The Aspirant

A better world is possible

Bribes for Banishment: The Labour Party’s Ethical Hollow #

Friday, 6 March 2026 · words

A wide-angle shot of a sparse, bureaucratic office in London where a single £10,000 cheque sits on a cold metal desk next to a stack of deportation orders, lit by a flickering overhead light.
A wide-angle shot of a sparse, bureaucratic office in London where a single £10,000 cheque sits on a cold metal desk next to a stack of deportation orders, lit by a flickering overhead light.

In a chilling expansion of the UK’s hostile environment, Home Secretary Shabana Mahmood has unveiled a pilot scheme that effectively puts a price tag on the erasure of human presence.
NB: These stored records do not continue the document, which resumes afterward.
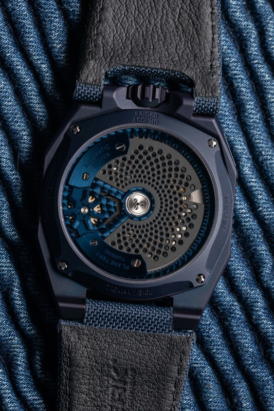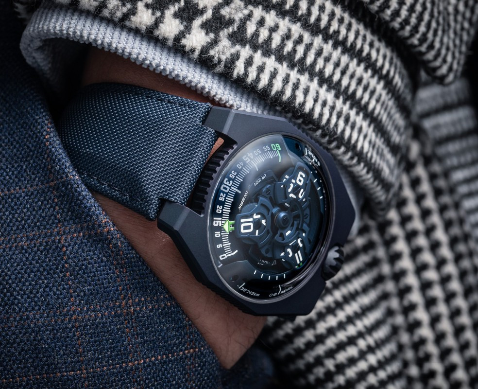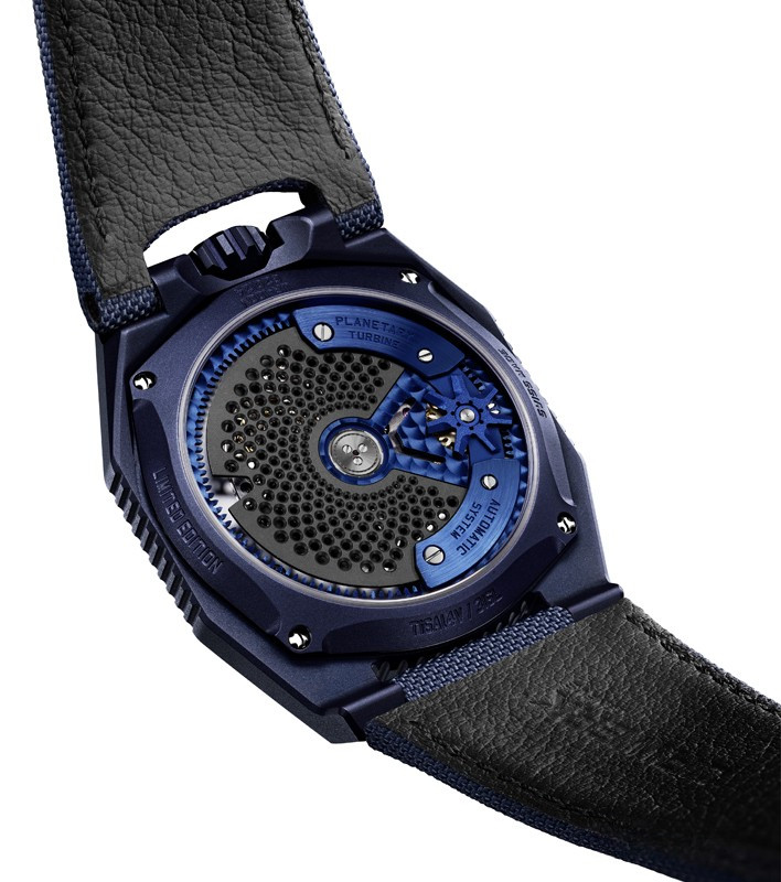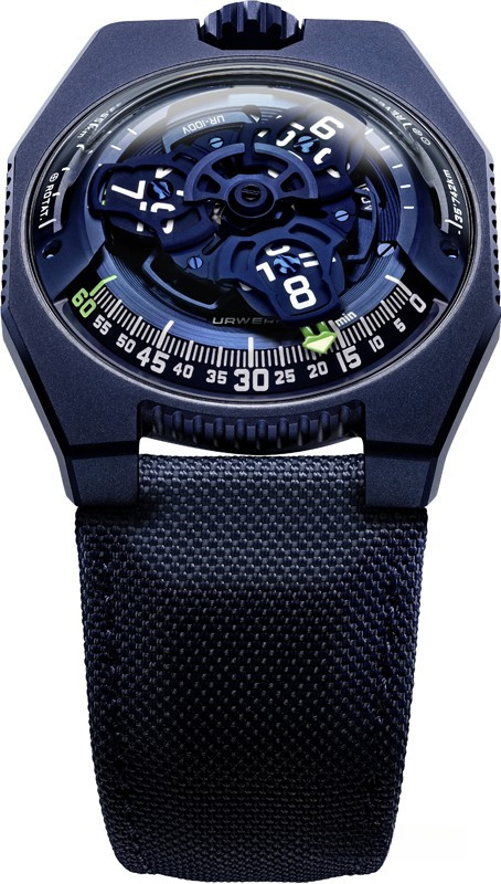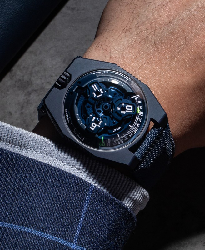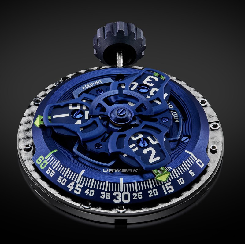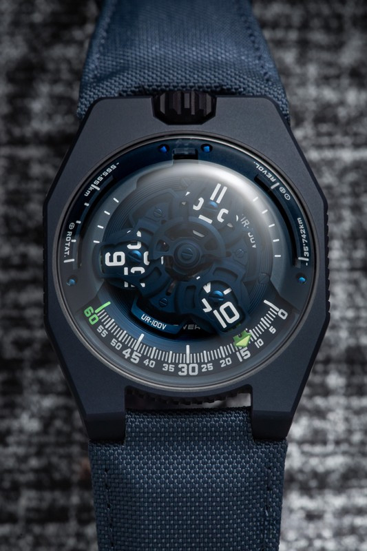 Часы Urwerk UR-100V Blue представлены в корпусе из нержавеющей стали с покрытием PVD и титана размером 41 х 49.7 х 14 мм водонепроницаемостью 30 метров. Внутри корпуса установлен автоматический механзим, Калибр UR 12.02, обладающий запасом хода 48 часов. На синем скелетированном циферблате отображаются сателлитный час; минуты; расстояние, проходимое на Экваторе Земли за 20 минут, вращение Земли вокруг Солнца за 20 минут. Часы поставляются на текстильном ремешке с вставкой из нержавеющей стали. Серия ограничена - 25 шт.
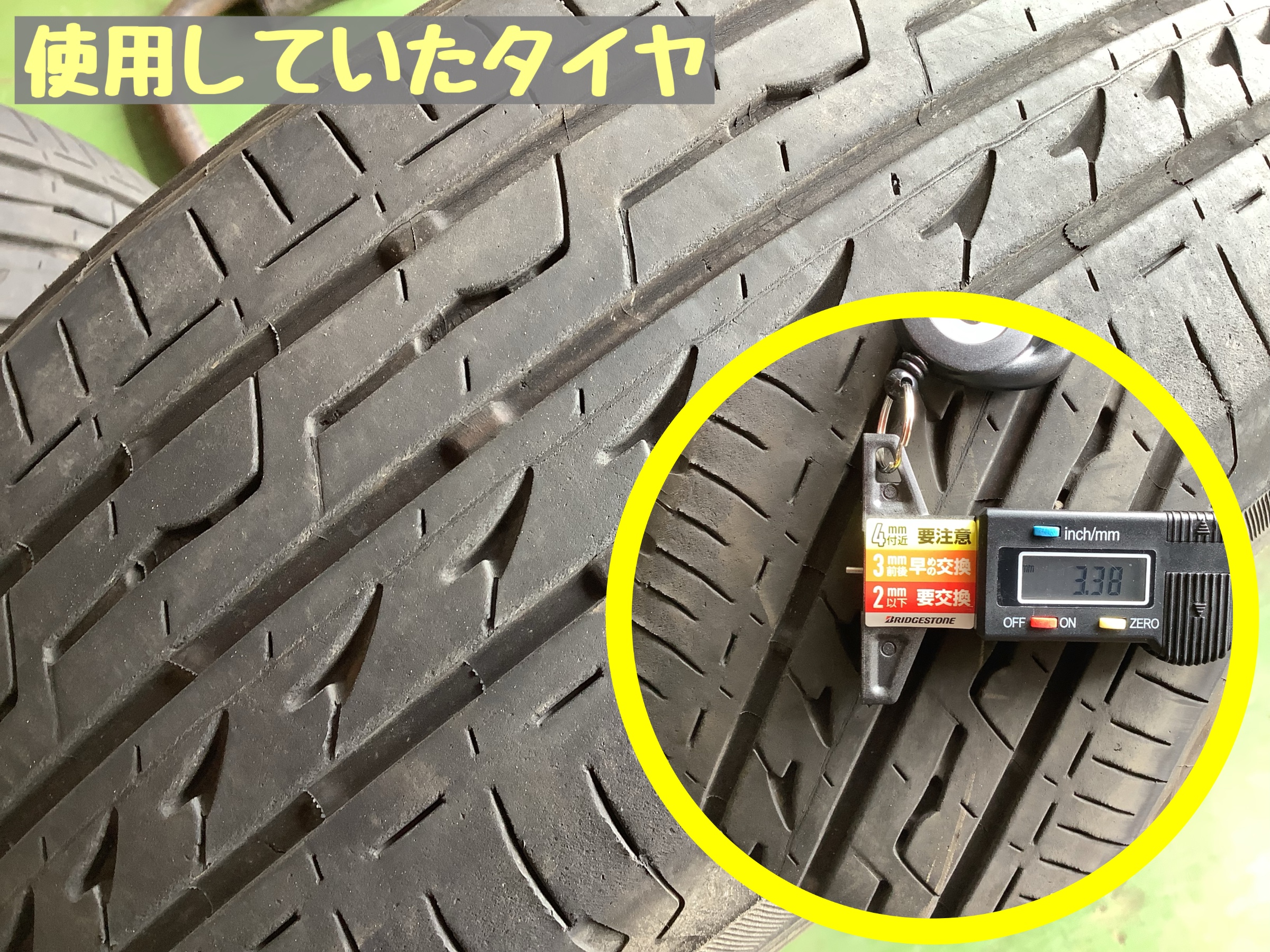 使用していたタイヤは、残り溝3.38㎜でちょうど交換時期をむかえておりました!!
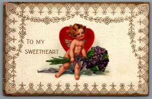 Postcard c1917 Valentines To My Sweetheart Embossed Angel...
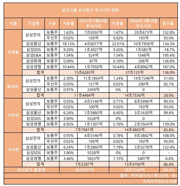 13일 전자공시시스템에 따르면 삼성그룹 오너 일가의 상장사 보유 주식가치는 79조7264억 원(10일 종가 기준)으로 집계됐다. 선대회장 별세 후 2021년 4월 상속세 납부를 시작하기 전과 비교하면 40조957억 원에서 89.4% 증가했다.
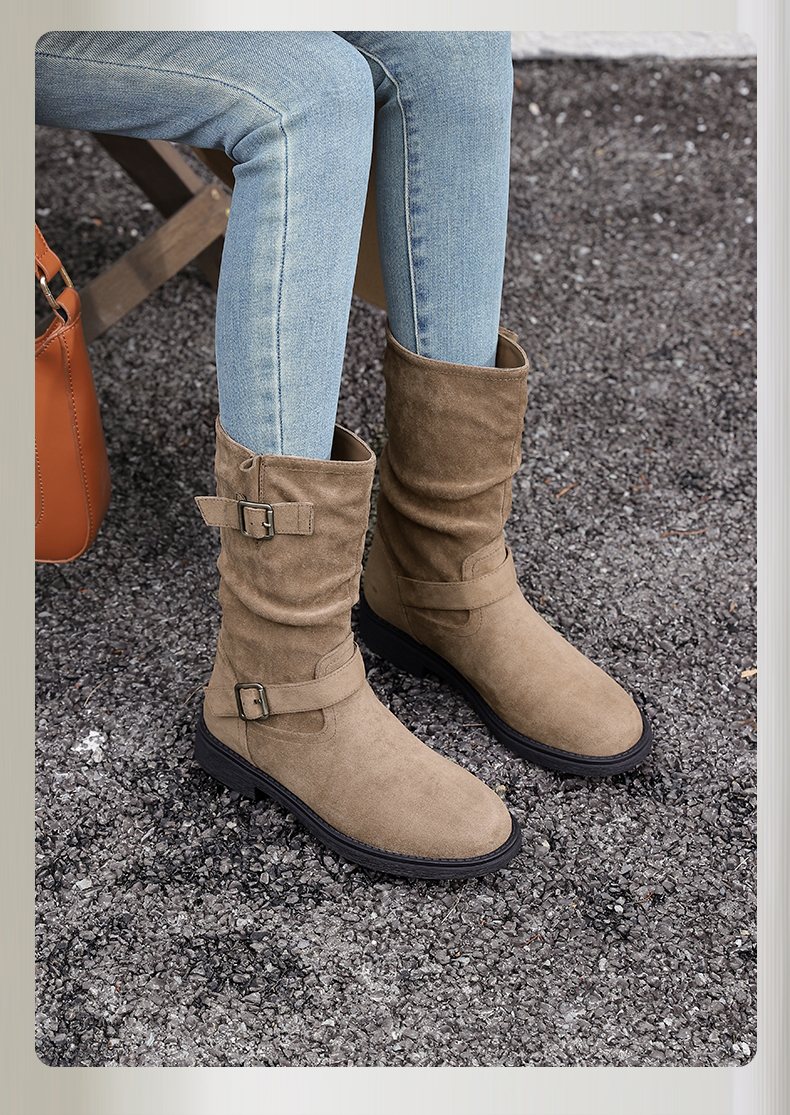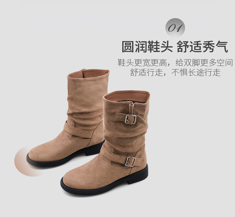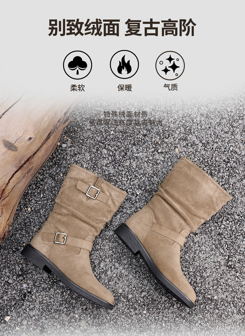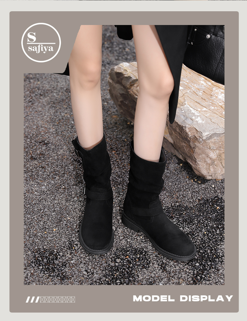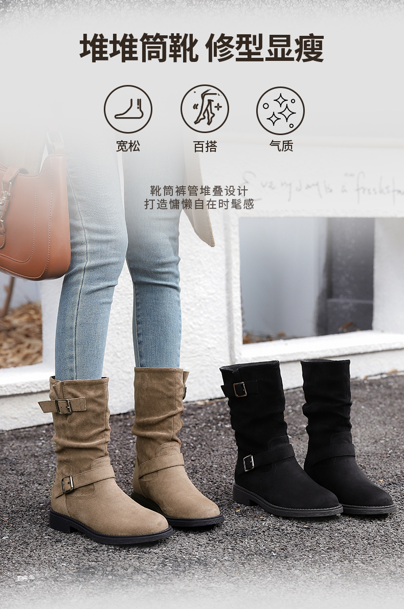 预售|Safiya/索菲娅2024美拉德复古绒面气质百搭套筒堆堆裤管靴 SF44116408
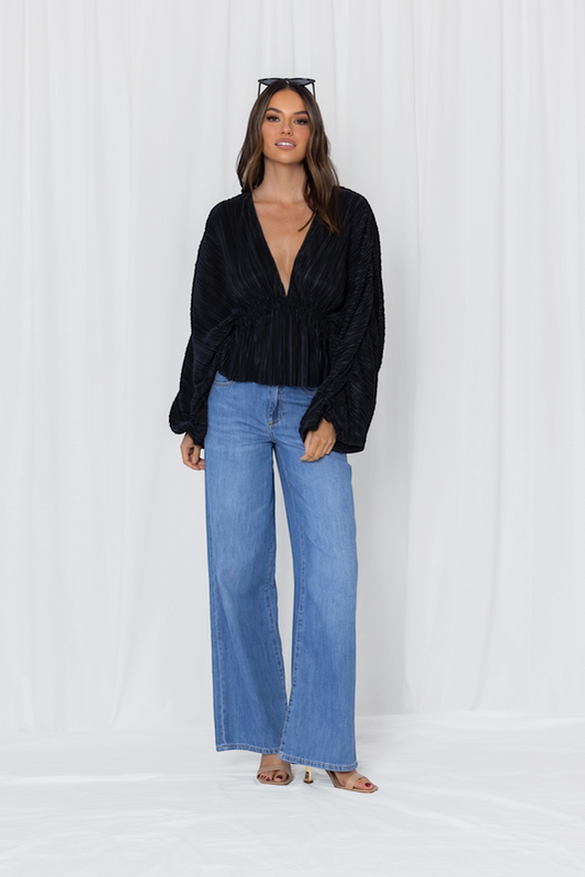 LS526 -WILLA PLISSE BALLOON SLEEVE BLOUSE - BLACK
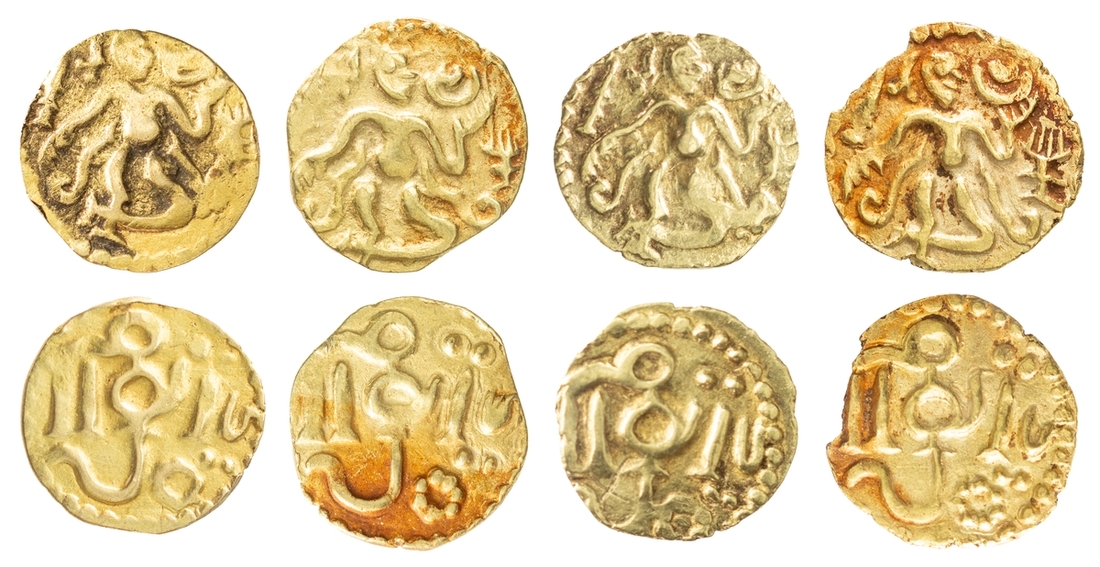 (x) Sri Lanka (Ceylon), Anonymous (c.960-1214), Type II(2), gold Pala (Quarter-Kahavanu) (4), standing figure holding an adahanda, rev. legend a stylised form of Lakshmi in Devanagiri, lotus over La, 1.02g; 1.03g; 0.94g; 0.78g, (Codrington 57; Mitchiner, Southern India, part 2, 314), fine to very fine (4)

Under the new ‘fair but firm’ doctrine, failed asylum seekers are to be offered an ‘increased incentive payment’ of £10,000 per person—and up to £40,000 for families—to voluntarily depart the British Isles. Families are given a mere seven days to accept this financial inducement before the state resorts to the blunt instrument of forced removal. This policy, described by Mahmood as a necessary ‘Labour’ solution, represents a profound ideological surrender to the logic of the market. Rather than addressing the structural failures of the immigration system or the geopolitical catalysts of migration, the Starmer administration has opted for a transactional model of deportation. The timing of this announcement is no coincidence. It follows a stinging by-election defeat in Gorton and Denton, where the Green Party successfully mobilised a base disillusioned by Labour’s rightward drift and its perceived indifference to internationalist solidarity. Mahmood’s rhetoric—insisting that ‘more Labour doesn’t mean more Green’—is a transparent attempt to triangulate against a rising progressive left while mimicking the exclusionary tactics of the populist right. From a socialist perspective, this ‘incentive’ is nothing less than a bribe for the dispossessed. It exploits the extreme precarity of families who have already been failed by a global order of extraction and war. By offering cash in exchange for the surrender of a right to seek safety, the UK government is treating the fundamental human need for refuge as a line item to be negotiated. This is the neoliberal state at its most cynical: using public funds not to build capacity for care, but to expedite the machinery of exclusion. The £40,000 offered to a family to disappear is a drop in the ocean compared to the vast sums extracted from the Global South by the very financial systems the City of London upholds. Yet, in the eyes of the Home Office, it is a small price to pay for the political optics of ‘firm borders.’ We must ask: what becomes of a movement that defines its identity not by who it protects, but by how efficiently it can incentivise the departure of the vulnerable?